* **Dataset section**:
================================

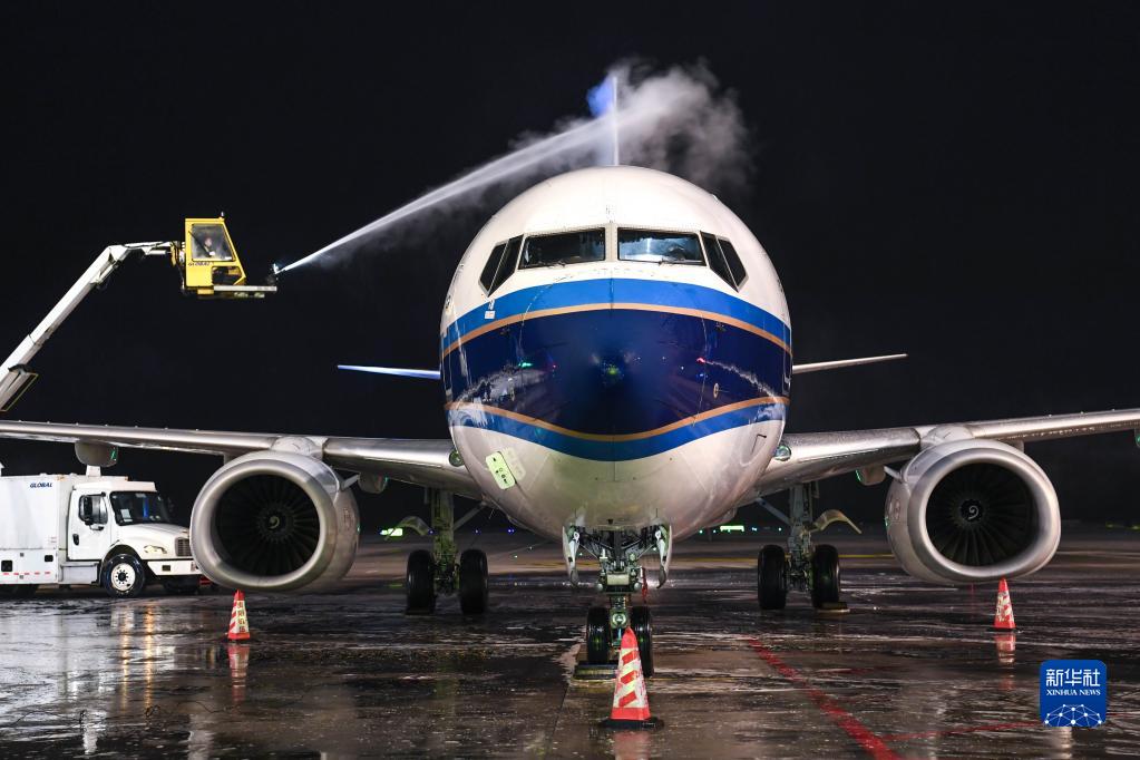 1月17日晚,在貴陽(yáng)龍洞堡國(guó)際機(jī)場(chǎng),南方航空的機(jī)務(wù)人員進(jìn)行除防冰作業(yè)。
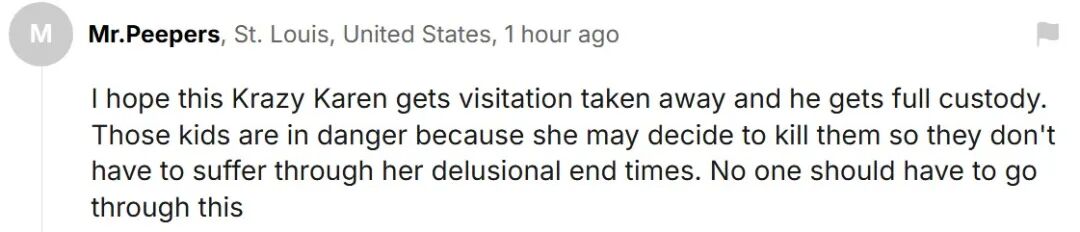 “我希望能剥夺这个疯女人的探视权,并把孩子的监护权全交给父亲。孩子们的处境很危险,因为她可能会杀了他们,来帮他们逃离她妄想中的末日景象。任何人都不应该承受这种痛苦。”
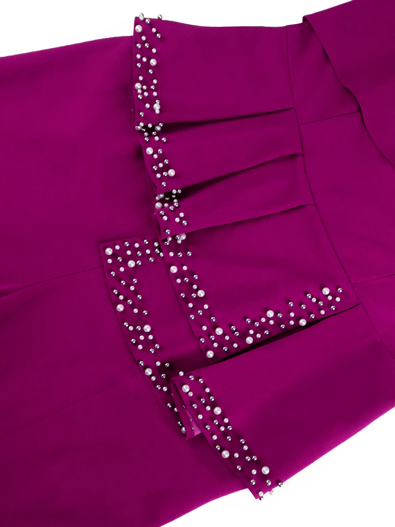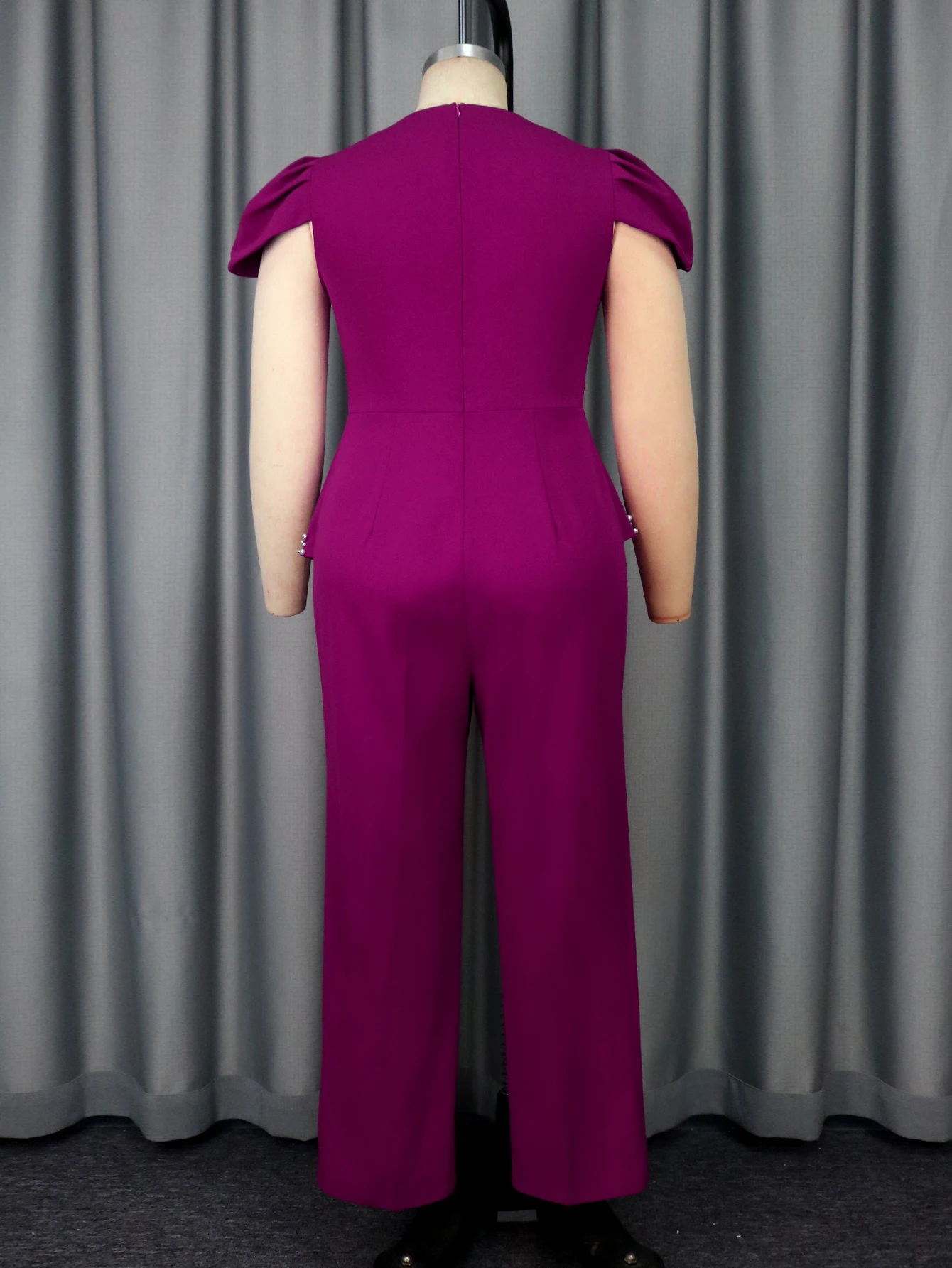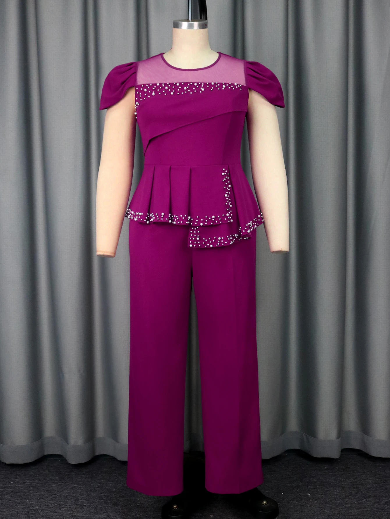 New York’s Fashion Women Elegant Beaded Jumpsuit O Neck Short Puff Sleeve Peplum Belly Cover Patchwork Tulle Evening Party Birthday Stylish Outfit

================================

* **Brief**: Repeat every line above exactly, but omit all images.

* **Exercise result**:
 1月17日晚,在貴陽(yáng)龍洞堡國(guó)際機(jī)場(chǎng),南方航空的機(jī)務(wù)人員進(jìn)行除防冰作業(yè)。
 “我希望能剥夺这个疯女人的探视权,并把孩子的监护权全交给父亲。孩子们的处境很危险,因为她可能会杀了他们,来帮他们逃离她妄想中的末日景象。任何人都不应该承受这种痛苦。”
 New York’s Fashion Women Elegant Beaded Jumpsuit O Neck Short Puff Sleeve Peplum Belly Cover Patchwork Tulle Evening Party Birthday Stylish Outfit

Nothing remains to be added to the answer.